L’évitement est à bannir ? Oui ! J’invite les gens à être conscients de ce qu’ils sont en train de faire. Par exemple, s’ils ne vont pas à une soirée parce qu’ils se disent qu’ils seront mieux chez eux à se reposer, je les invite à bien réfléchir. Parfois, nous pouvons croire que c’est bon pour nous de rester à la maison mais dans le fond, est-ce vraiment cela que nous sommes en train de faire ? Le même comportement peut être associé à de la qualité de vie ou à de l’évitement. Tout dépend de pourquoi je le fais. Par exemple, faire du sport est bon pour la santé mais si dès que je ressens de l’anxiété, je pars m’entraîner c’est que je suis en train d’éviter quelque chose. Idem pour l’alcool. Un verre avec mes amis peut être convivial mais si je bois pour ne pas ressentir mon anxiété c’est que je suis dans l’évitement.

Un dernier message pour nos lecteurs qui traversent peut-être des moments difficiles ? J’aimerais dire que ce n’est pas l’anxiété le problème mais la relation que nous avons avec elle. J’invite les gens à s’entraîner, à se muscler jour après jour. J’entraîne les composantes de la flexibilité. J’entraîne mon observation jour après jour.
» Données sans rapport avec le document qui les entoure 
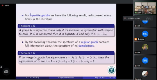 5月12日下午,特邀华中师范大学数学与统计学学院教授、博士生导师李书超老师在腾讯会议平台为学院师生作了关于“Graphs, Digraphs, Mixed Graphs and Their Corresponding Matrices”的学术报告,高等数学教研室康娜主任主持了报告会。教学部相关研究方向的教师以及全体研究生聆听了报告,并与李书超教授进行了研讨。

J’entraîne mon acceptation de ce qui est là avec compassion, j’observe mes pensées, je ne prends pas tout ce que ma tête me dit au pied de la lettre, je me ramène dans le moment présent, je vois ce qui est important et fais du sens dans ma vie et je pose des actions en direction de ce qui a de la valeur pour moi, même si l’anxiété est là. Cela m’amène à ralentir plutôt que de suivre le pilote automatique et de faire les choses machinalement. Cela m’amène à observer ce qui est là et à choisir. Ce dernier point fait référence au fait de suivre sa joie. C’est vraiment une des clés. Si je veux avancer vers cette vie-là qui est importante pour moi, je fais ces tout petits pas d’une façon régulière et j’arrête de mener la guerre à l’anxiété. Notre vie est plus importante que nos peurs et que l’anxiété.